- Theatrical release poster
- Directed by: Víctor García León
- Screenplay by: Manuel Burque; Josep Gatell;
- Starring: Toni Acosta; Ernesto Sevilla; Tito Valverde; Gracia Olayo; Ramón Barea;
- Production companies: Telecinco Cinema; Quexito Films; Aliwood; Creced y Multiplicaos AIE;
- Distributed by: Universal Pictures International Spain
- Release date: 21 April 2023;
- Country: Spain
- Language: Spanish
- Box office: €4.8 million

= One Hell of a Holiday! =

One Hell of a Holiday! (¡Vaya vacaciones!; previously known under the working title No haberlos tenido, lit. 'Not having had them') is a 2023 Spanish comedy film directed by Víctor García León from a screenplay by Manuel Burque and Josep Gatell. It features Toni Acosta, Ernesto Sevilla, Tito Valverde, Gracia Olayo, and Ramón Barea.

== Plot ==
Upon being forcefully tasked with babysitting their grandchildren Carla, Guille and Ali (thus ruining their planned holiday trip) while the latter's parents deceptively claim to be working, José and Manuela rebel, hatching a plan to psychologically torture their grandchildren, so the latter can plead to be "rescued".

== Production ==
The screenplay was penned by Manuel Burque and Josep Gatell. The film was produced by Telecinco Cinema, Quexito Films, Aliwood, and Creced y Multiplicaos AIE, with the participation of Mediaset España, Movistar Plus+, and Mediterráneo Mediaset España Group. Filming began on 8 August 2021, in locations of the provinces of Valencia and Alicante.

== Release ==
Distributed by Universal Pictures International Spain, the film was released theatrically in Spain on 21 April 2023.

== Reception ==
Juan Pando of Fotogramas rated the film 3 out of 5 stars, highlighting a Goya Award-worthy [performance by] Tito Valverde as the best thing about it.
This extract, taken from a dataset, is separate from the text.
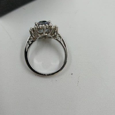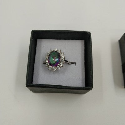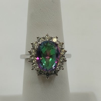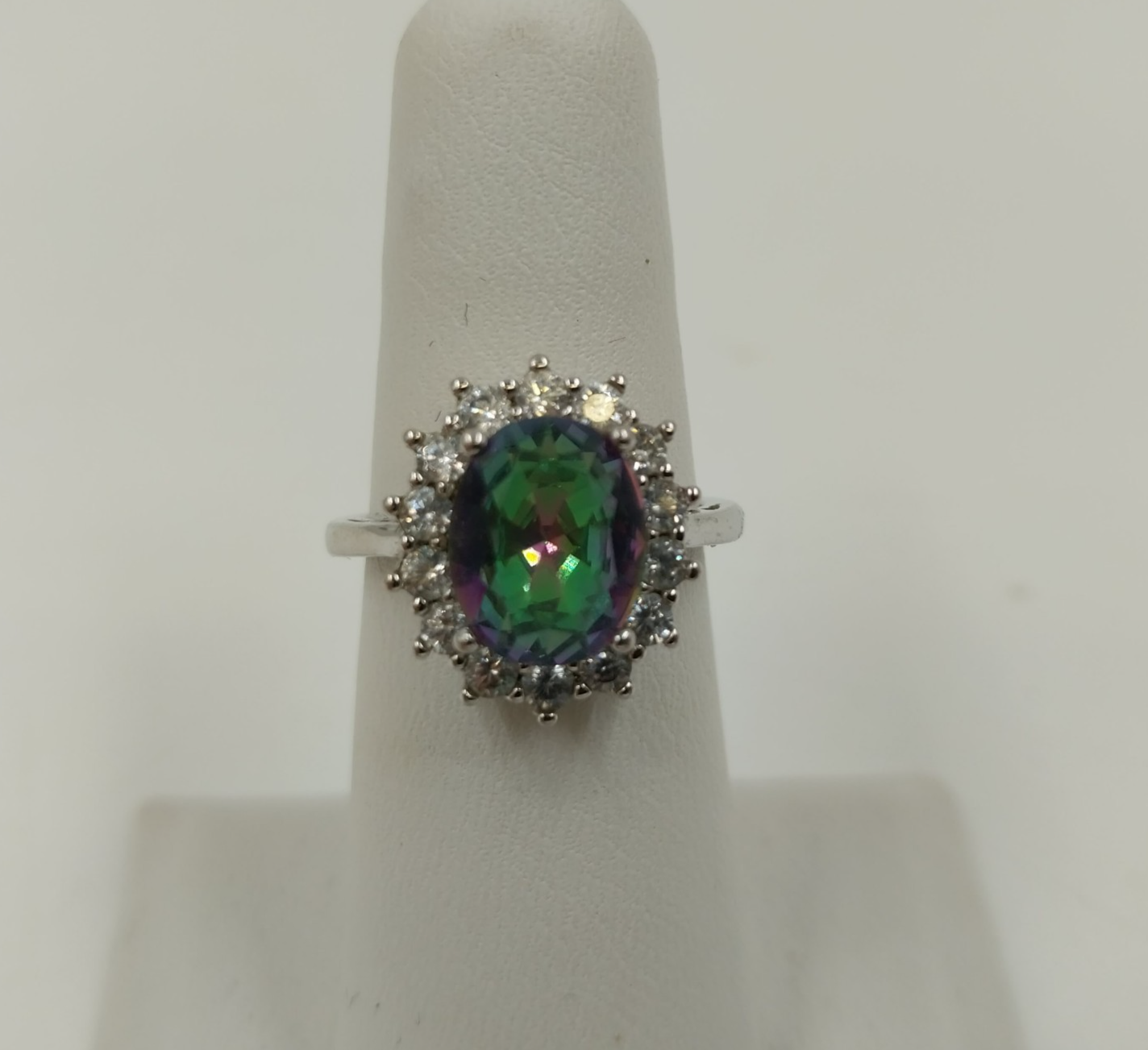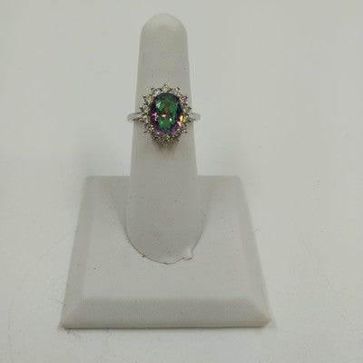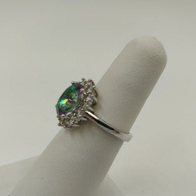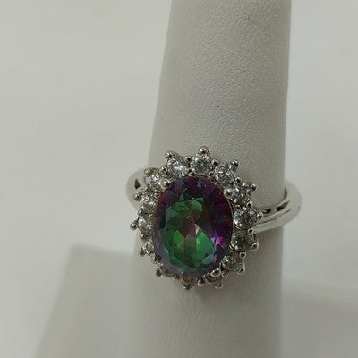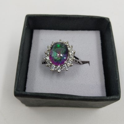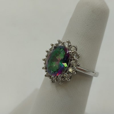Mystic Topaz & Rhinestone Statement Ring Sz 6 Silver Tone w/ Box

Manuel J. Lombardo of Diario de Sevilla rated the film 2 out of 5 stars, deeming its brand of humor somewhat of an improved version of the template of Santiago Segura's mainstream comedies, and overall "a decent little adventure in which one can recognize something more than the routine of filming a commissioned script".

Javier Escribano of HobbyConsolas rated the film with 65 points ('acceptable') deeming it to be "entertaining and balanced for children and adults, although not very original".